> _STORED DATA_
BEGIN
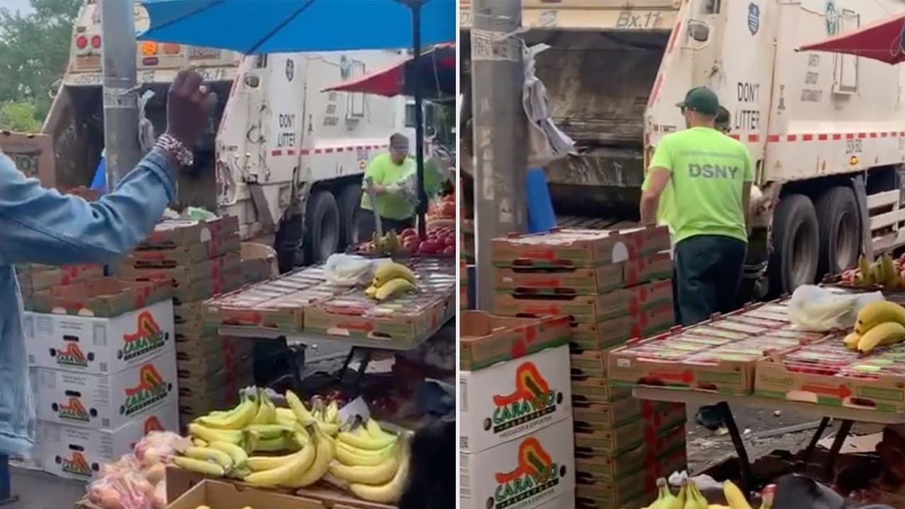 Policías y trabajadores del Departamento de Sanidad de la ciudad fueron captados en video mientras retiraban cajas llenas de frutas y verduras de un puesto de comida ambulante, ante los reclamos de miembros de la comunidad que, molestos, les pedían que pararan.
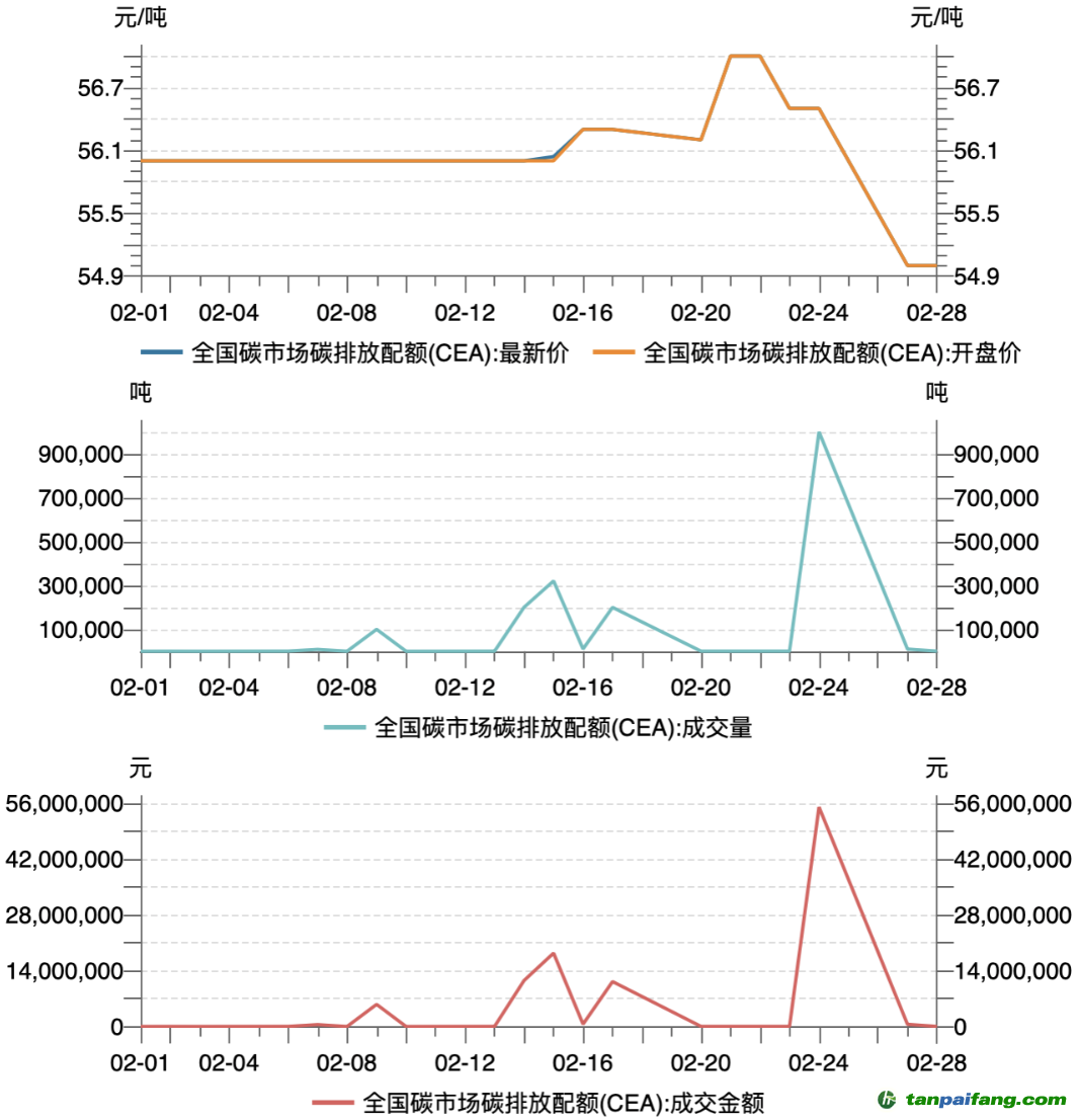 2月全國碳市場(chǎng)碳排放配額(CEA)總成交量185.43萬噸,總成交額1.04億元。掛牌協(xié)議交易月成交量25.43萬噸,月成交額1429.58萬元,最高成交價(jià)57.50元/噸,最低成交價(jià)55.00元/噸。2月最后一個(gè)交易日收盤價(jià)為55.00元/噸,較1月最后一個(gè)交易日下跌1.79%。大宗協(xié)議交易月成交量160萬噸,月成交額8930萬元。截至2月28日,CEA累計(jì)成交量2.32億噸,累計(jì)成交額105.93億元。 本+文`內(nèi)/容/來/自:中-國-碳-排-放-網(wǎng)-tan pai fang . com
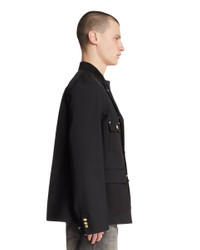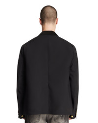 Sacai x Carhartt WIP Black Suiting Duck Jacket. Black wool-blend fabric, four Dearborn canvas pockets, two patch pockets at the sides, welt pocket on the chest, front button closure. Corduroy and Dearborn canvas lapels. Fabric co-branded label, gold-tone hardware, relaxed fit. Mitar is 186 cm and he is wearing size III. DETAILS Model: 2603989M001 Composition: 70% Polyester, 30% Wool; Details: 100% Cotton Made in: JAPAN Season: SS26
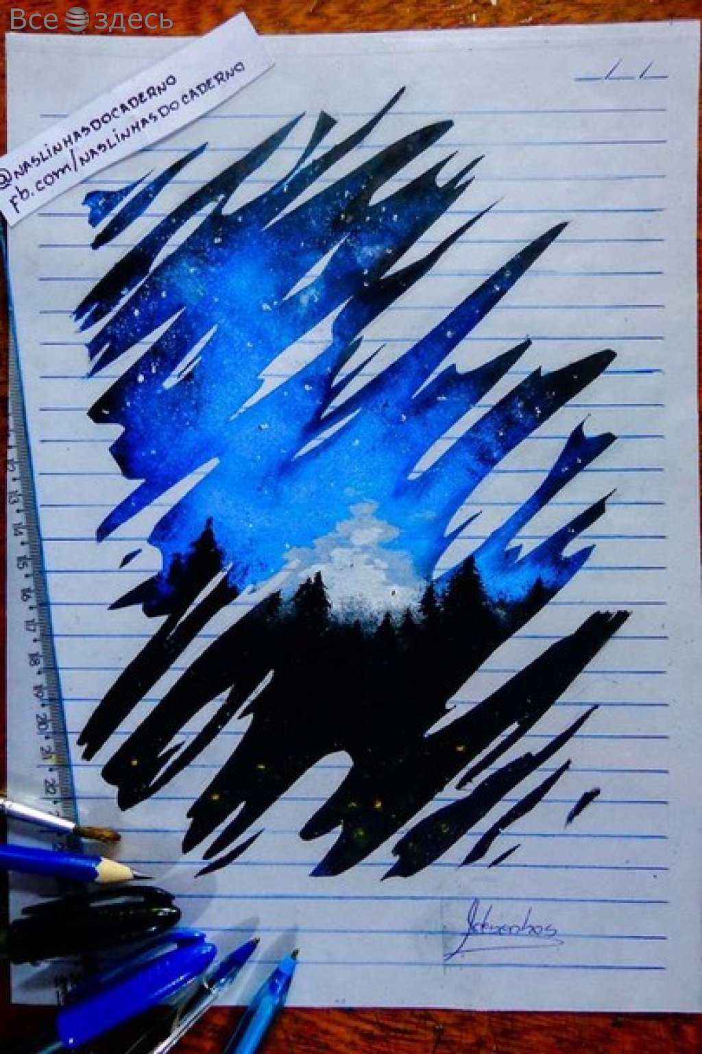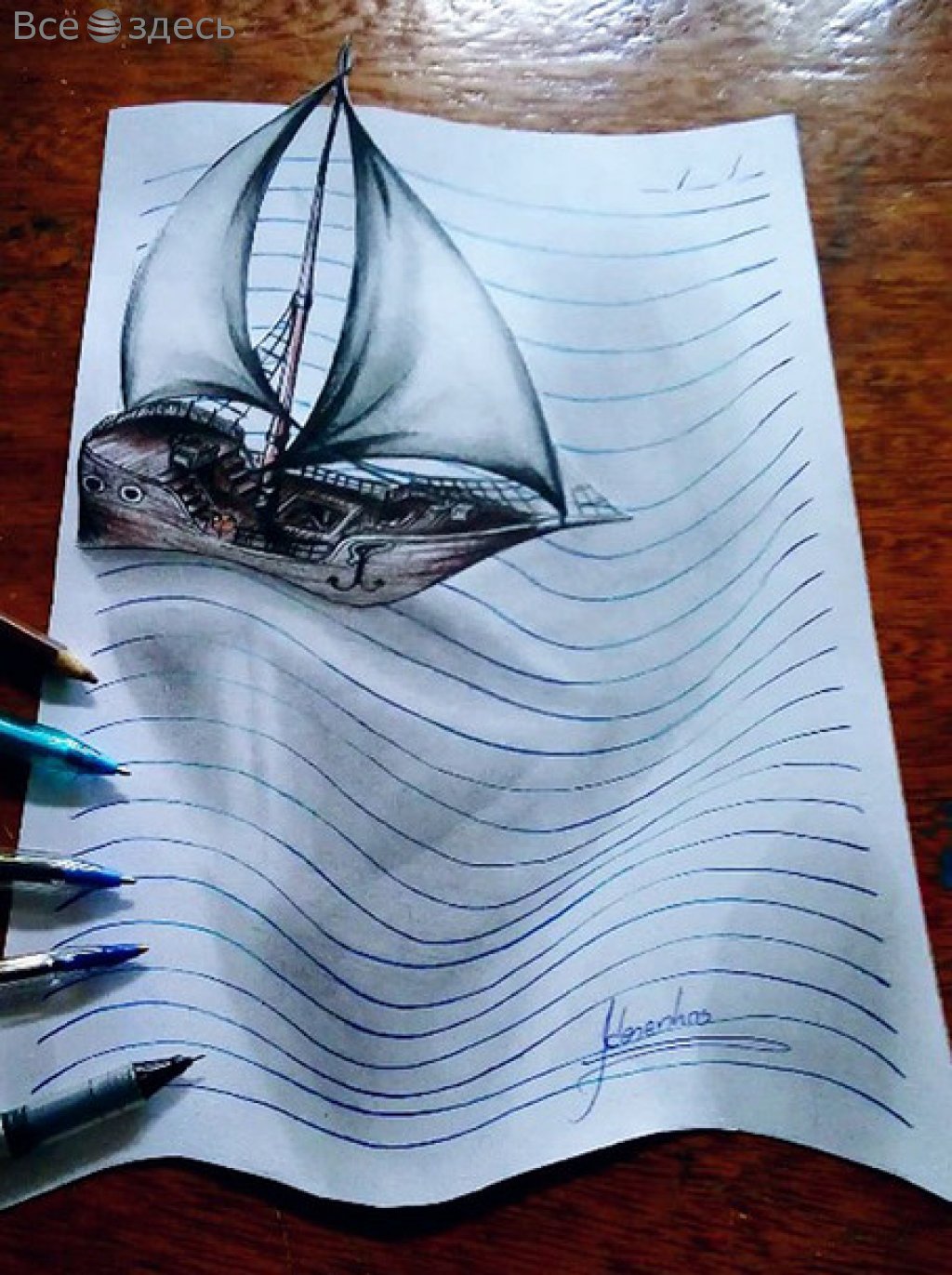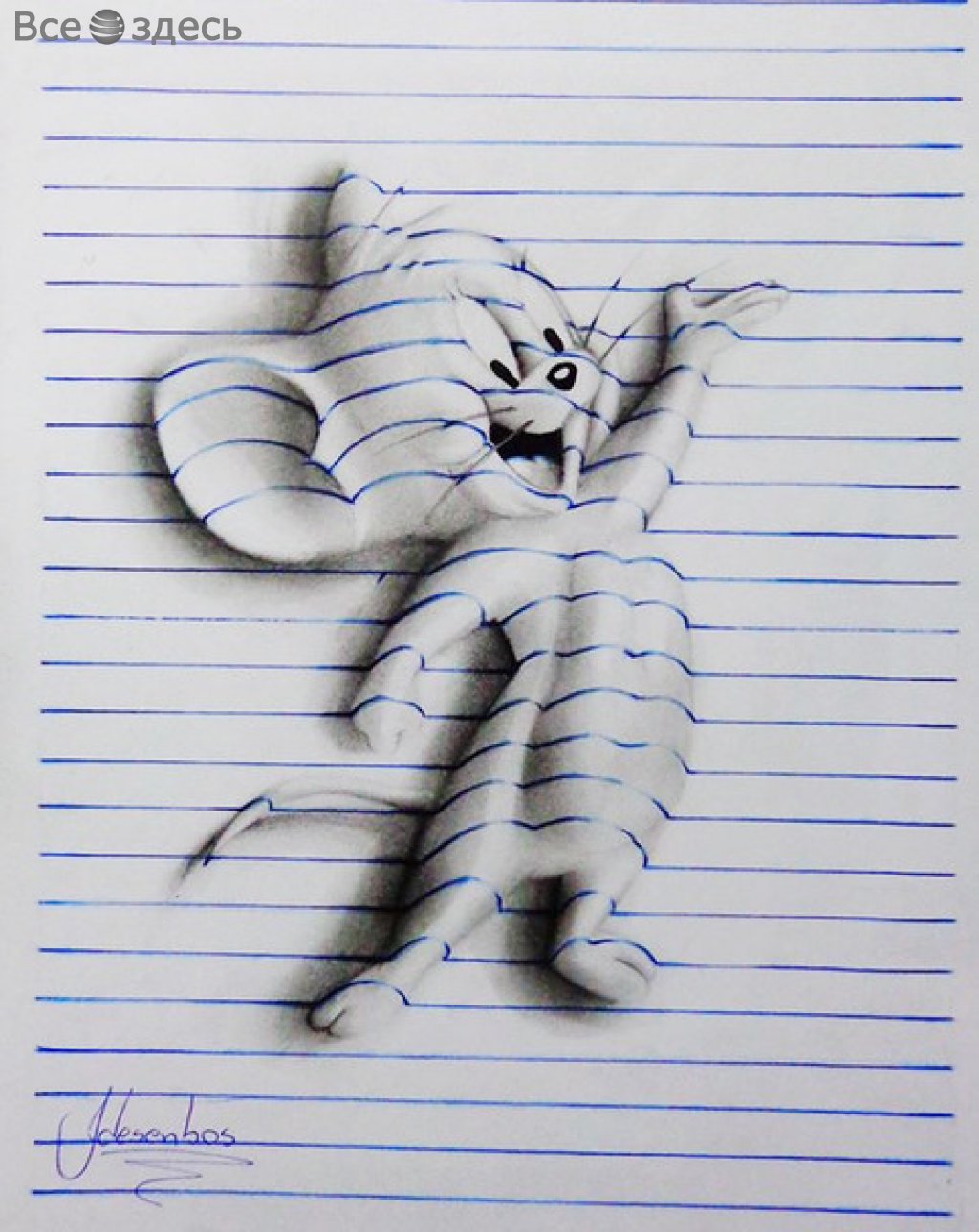 Так юный художник-самоучка линии искажает прямо в своем блокноте, добавляет иллюстрациям, имеющими глубокие и насыщенные цвета. Практически все удивительные работы этого автора увидеть можно на его страничке в соцсети Facebook. Зигзаги, повороты и линии, интересные переплетения, объемные элементы, вдруг выныривающие прямо из бумаги, завораживают нашу фантазию, перепутывая впечатления от увиденного.
END
> _TRY IT_
From the line containing "pai fang . com" through the last line of the listing, inclusive, transcribe every line exactly and nothing else; the pictures stay out.

> _RESPONSE BELOW_
 2月全國碳市場(chǎng)碳排放配額(CEA)總成交量185.43萬噸,總成交額1.04億元。掛牌協(xié)議交易月成交量25.43萬噸,月成交額1429.58萬元,最高成交價(jià)57.50元/噸,最低成交價(jià)55.00元/噸。2月最后一個(gè)交易日收盤價(jià)為55.00元/噸,較1月最后一個(gè)交易日下跌1.79%。大宗協(xié)議交易月成交量160萬噸,月成交額8930萬元。截至2月28日,CEA累計(jì)成交量2.32億噸,累計(jì)成交額105.93億元。 本+文`內(nèi)/容/來/自:中-國-碳-排-放-網(wǎng)-tan pai fang . com
 Sacai x Carhartt WIP Black Suiting Duck Jacket. Black wool-blend fabric, four Dearborn canvas pockets, two patch pockets at the sides, welt pocket on the chest, front button closure. Corduroy and Dearborn canvas lapels. Fabric co-branded label, gold-tone hardware, relaxed fit. Mitar is 186 cm and he is wearing size III. DETAILS Model: 2603989M001 Composition: 70% Polyester, 30% Wool; Details: 100% Cotton Made in: JAPAN Season: SS26
 Так юный художник-самоучка линии искажает прямо в своем блокноте, добавляет иллюстрациям, имеющими глубокие и насыщенные цвета. Практически все удивительные работы этого автора увидеть можно на его страничке в соцсети Facebook. Зигзаги, повороты и линии, интересные переплетения, объемные элементы, вдруг выныривающие прямо из бумаги, завораживают нашу фантазию, перепутывая впечатления от увиденного.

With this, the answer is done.